— Task description —
Could you print, exactly and without pictures, only the lines from the one with "Collection of 3" through the end of the records below?

== Available data

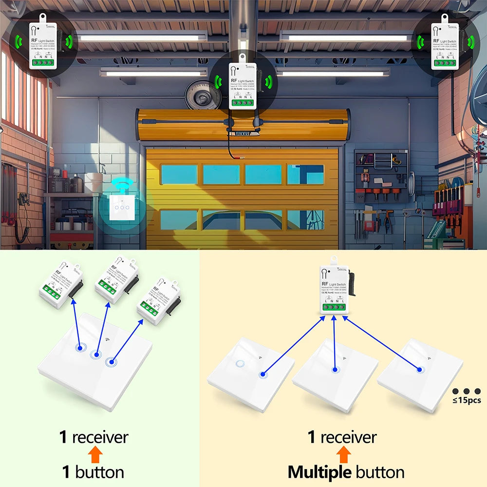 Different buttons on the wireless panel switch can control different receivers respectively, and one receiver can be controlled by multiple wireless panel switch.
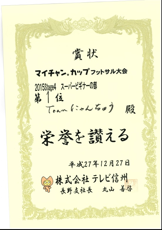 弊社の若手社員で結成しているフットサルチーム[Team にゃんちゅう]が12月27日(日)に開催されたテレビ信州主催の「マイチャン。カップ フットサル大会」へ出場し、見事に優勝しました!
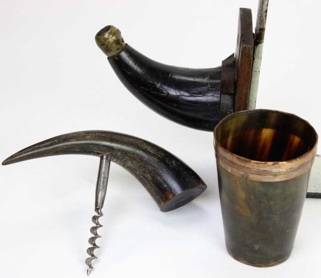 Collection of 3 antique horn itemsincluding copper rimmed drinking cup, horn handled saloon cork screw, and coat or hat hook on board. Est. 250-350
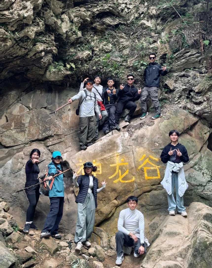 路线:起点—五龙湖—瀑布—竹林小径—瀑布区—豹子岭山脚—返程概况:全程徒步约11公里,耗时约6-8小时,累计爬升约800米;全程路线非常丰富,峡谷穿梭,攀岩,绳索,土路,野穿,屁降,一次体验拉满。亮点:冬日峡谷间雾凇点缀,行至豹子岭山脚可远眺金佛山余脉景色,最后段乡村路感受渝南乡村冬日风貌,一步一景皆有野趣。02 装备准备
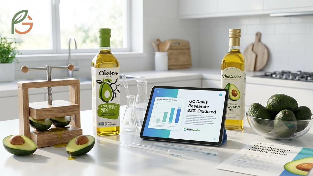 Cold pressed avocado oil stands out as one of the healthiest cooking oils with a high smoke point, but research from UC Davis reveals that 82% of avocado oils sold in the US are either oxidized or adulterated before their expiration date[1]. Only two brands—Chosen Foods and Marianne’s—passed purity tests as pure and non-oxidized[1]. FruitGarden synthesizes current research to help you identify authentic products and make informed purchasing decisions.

====

— Result of this exercise —
 Collection of 3 antique horn itemsincluding copper rimmed drinking cup, horn handled saloon cork screw, and coat or hat hook on board. Est. 250-350
 路线:起点—五龙湖—瀑布—竹林小径—瀑布区—豹子岭山脚—返程概况:全程徒步约11公里,耗时约6-8小时,累计爬升约800米;全程路线非常丰富,峡谷穿梭,攀岩,绳索,土路,野穿,屁降,一次体验拉满。亮点:冬日峡谷间雾凇点缀,行至豹子岭山脚可远眺金佛山余脉景色,最后段乡村路感受渝南乡村冬日风貌,一步一景皆有野趣。02 装备准备
 Cold pressed avocado oil stands out as one of the healthiest cooking oils with a high smoke point, but research from UC Davis reveals that 82% of avocado oils sold in the US are either oxidized or adulterated before their expiration date[1]. Only two brands—Chosen Foods and Marianne’s—passed purity tests as pure and non-oxidized[1]. FruitGarden synthesizes current research to help you identify authentic products and make informed purchasing decisions.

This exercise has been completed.